Yesterday I went to the wonderful Savernake Forest in Wiltshire. It started out as a socially-distanced lockdown autumn colours walk with a friend, but ended up being a fungal foray photography fest!
I was hoping we would see some fungi, so I prepared for it. I took my Olympus E-MD5 MkIII fitted with the superb Olympus 60mm macro lens. It’s a lovely light combination with excellent image quality. The other vital accessories were a black bin liner and a head torch. The bin liner was to allow me to kneel or lie on the ground and stay reasonably dry, and the head torch was to add a bit of light into darker areas.

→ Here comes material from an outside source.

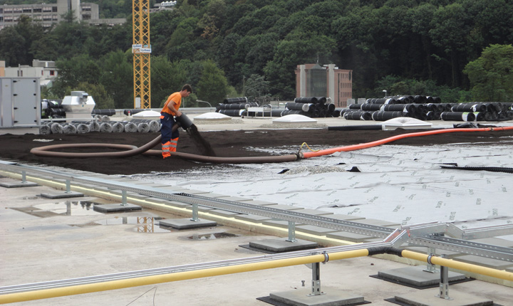 Extensive Dachbegrünung mit Substratförderung- und Verteilung und

We came across a horizontal rotting log with these delightful parasol fungi on it. Because the trees were so far away it gave a good diffuse background with the colour of the trees showing. The background colours have a similar warmth to the colour of the fungi. At this point the sun was out, so the light was quite directional resulting in good contouring on the parasols.

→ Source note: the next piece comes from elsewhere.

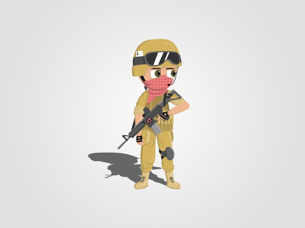 CyberGeek, наверное левая рука должна быть за автоматом, немного хаки текстур нарисуйте на форму, и лицо сильно доброе... А так добрый мальчик-солдат получается, сильно добрый...

This tiny little parasol was on the shady side of a log so I had to use 1000ISO to get a reasonable shutter speed. There’s a limit to how slow a shutter speed you can hand-hold even with image stabilisation. Everything around the fungi was green so the creamy-coloured top stood out well. I was careful to ensure that the moss capsule in the foreground was in focus. It adds another area of sharpness in an otherwise diffuse image.
The underside of fungi, with the gill structure, can be more interesting than the tops. I’ve isolate a part of a fungal cap to make a pattern image.

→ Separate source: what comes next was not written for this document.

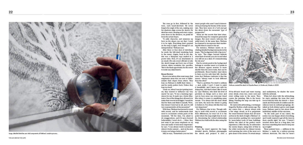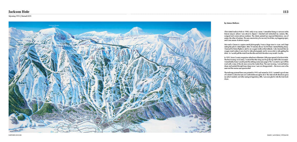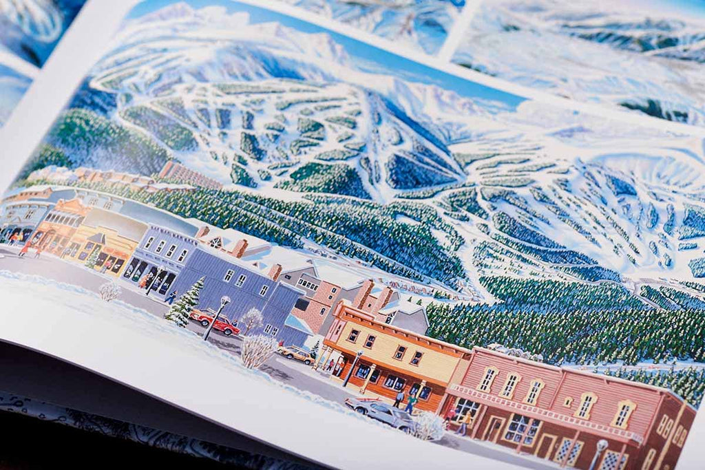 Details: Featuring over 200 ski resort trail maps hand-painted by one legendary artist, this beautiful 292-page hardcover coffee table book is the first and definitive compilation of the art created by James Niehues during his 30-year career. Eight geographically themed chapters form the heart of the book, offering you full-page images of the world’s most iconic ski areas including Alta, Arapahoe Basin, Aspen, Breckenridge, Big Sky, Deer Valley, Heavenly, Jackson Hole, Jay Peak, Killington, Kirkwood, Lake Louise, Mammoth, Mont Tremblant, Mt. Bachelor, Park City, Revelstoke, Snowbird, Squaw Valley, Stowe, Sugarloaf, Sun Valley, Taos, Telluride, Whistler Blackcomb and other renowned resorts. In engaging narrative that complements the maps, Niehues reveals his exacting technique, which demands up to six weeks to complete a single painting. He then walks you through the step-by-step process for mapping Breckenridge, sharing everything from aerial photographs, to numerous pencil sketches, to in-progress builds, to the final trail map illustration. The magic of the finished product is captured in both a foreword by pioneering big-mountain skier Chris Davenport and the perspectives of other ski industry insiders. Every detail was taken into consideration: Italian art-quality printing, heavier weight matte coated paper and a lay-flat binding. A pencil sketch of Big Sky, Montana, graces the cover and features anti-scratch protection. The book is 11.5” tall and opens to a spread of 24” wide, the perfect size to showcase the biggest ski mountains in the world.

You can find interesting fungi in your garden, so you don’t have to travel to do fungal macro photography. It’s the perfect time of year for it, so why not pop out and have a look?
NB: I did not pick any of these fungi to take back to the studio or to eat. It’s always good to leave things for other people to enjoy. If, like me, you don’t know for certain what species a fungus is, then it’s very, very unwise indeed to eat it.